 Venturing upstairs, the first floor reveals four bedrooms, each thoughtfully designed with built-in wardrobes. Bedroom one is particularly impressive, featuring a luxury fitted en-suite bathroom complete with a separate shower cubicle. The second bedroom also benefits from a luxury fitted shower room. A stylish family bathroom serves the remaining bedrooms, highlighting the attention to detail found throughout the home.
==
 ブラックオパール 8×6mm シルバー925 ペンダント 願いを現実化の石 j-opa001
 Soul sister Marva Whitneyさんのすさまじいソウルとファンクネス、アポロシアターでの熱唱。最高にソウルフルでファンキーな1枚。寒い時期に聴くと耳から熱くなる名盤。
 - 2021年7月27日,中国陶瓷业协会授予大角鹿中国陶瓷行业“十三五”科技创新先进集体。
...
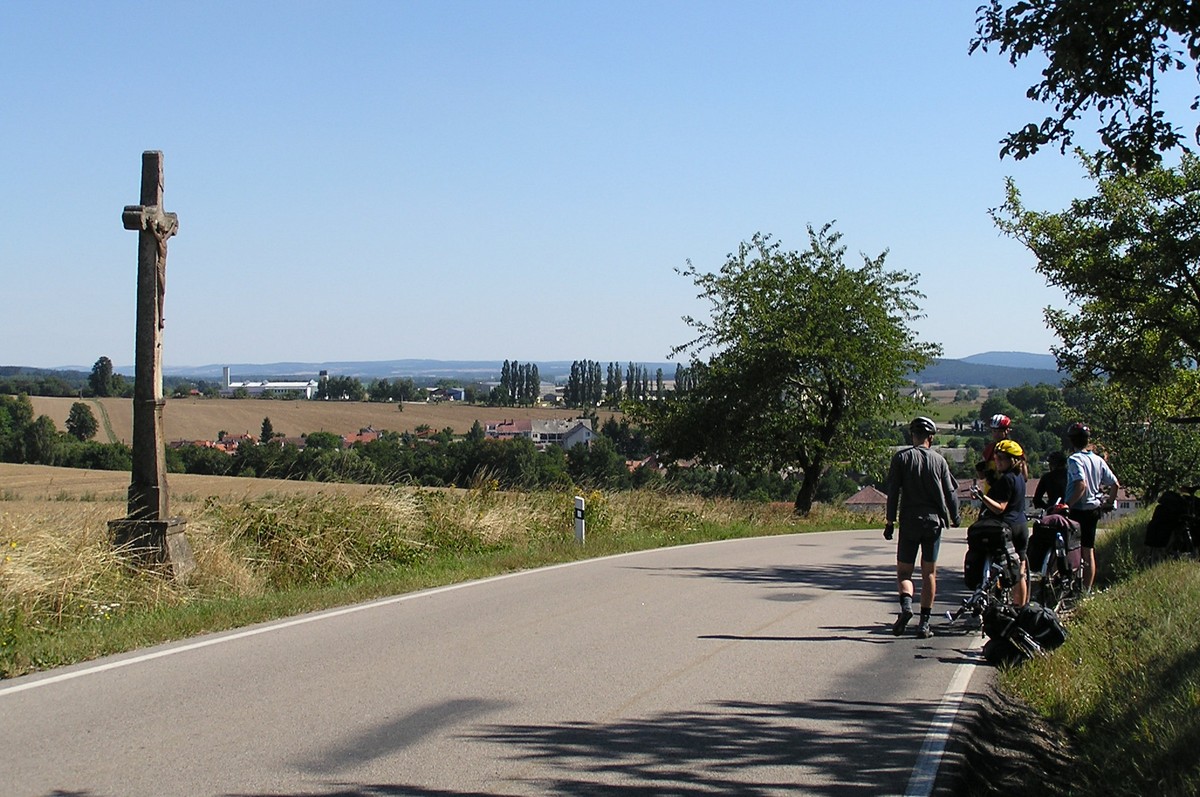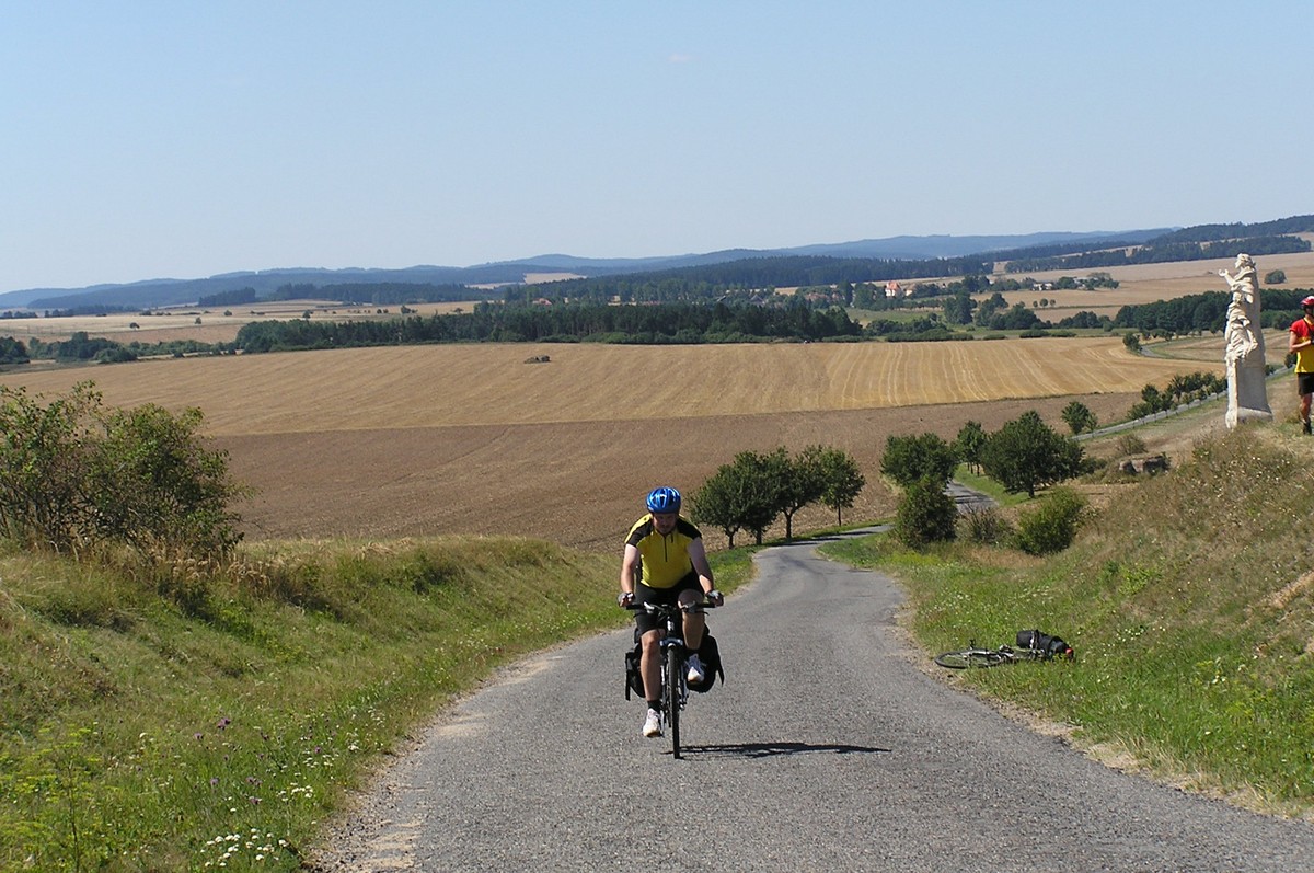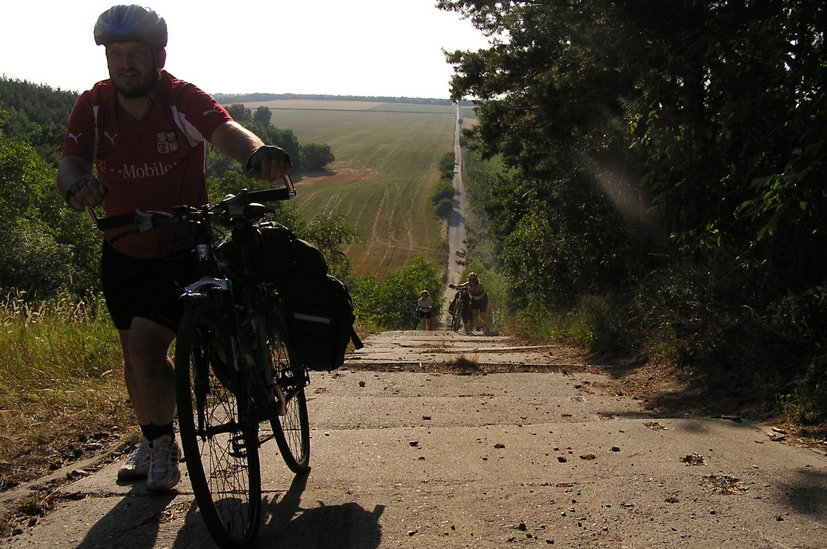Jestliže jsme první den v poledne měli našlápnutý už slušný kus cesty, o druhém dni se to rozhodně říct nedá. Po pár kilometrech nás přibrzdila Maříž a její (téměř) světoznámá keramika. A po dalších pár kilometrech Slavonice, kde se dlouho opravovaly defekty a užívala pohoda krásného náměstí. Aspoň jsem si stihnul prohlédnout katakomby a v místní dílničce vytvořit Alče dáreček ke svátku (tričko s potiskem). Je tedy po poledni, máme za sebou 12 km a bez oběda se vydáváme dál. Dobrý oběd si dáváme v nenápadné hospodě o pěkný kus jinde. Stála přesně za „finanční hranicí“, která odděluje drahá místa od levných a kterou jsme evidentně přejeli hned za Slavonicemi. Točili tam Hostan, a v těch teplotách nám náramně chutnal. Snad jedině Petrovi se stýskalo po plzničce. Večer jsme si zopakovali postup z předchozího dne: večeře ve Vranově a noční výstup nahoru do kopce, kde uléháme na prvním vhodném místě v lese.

*What you will do:*
In the listing above, find the line with "ブラックオパール 8×6mm シルバー925" and the line with "- 2021年7月27日,中", then print exactly those lines and every line between them.

*Answer box:*
 ブラックオパール 8×6mm シルバー925 ペンダント 願いを現実化の石 j-opa001
 Soul sister Marva Whitneyさんのすさまじいソウルとファンクネス、アポロシアターでの熱唱。最高にソウルフルでファンキーな1枚。寒い時期に聴くと耳から熱くなる名盤。
 - 2021年7月27日,中国陶瓷业协会授予大角鹿中国陶瓷行业“十三五”科技创新先进集体。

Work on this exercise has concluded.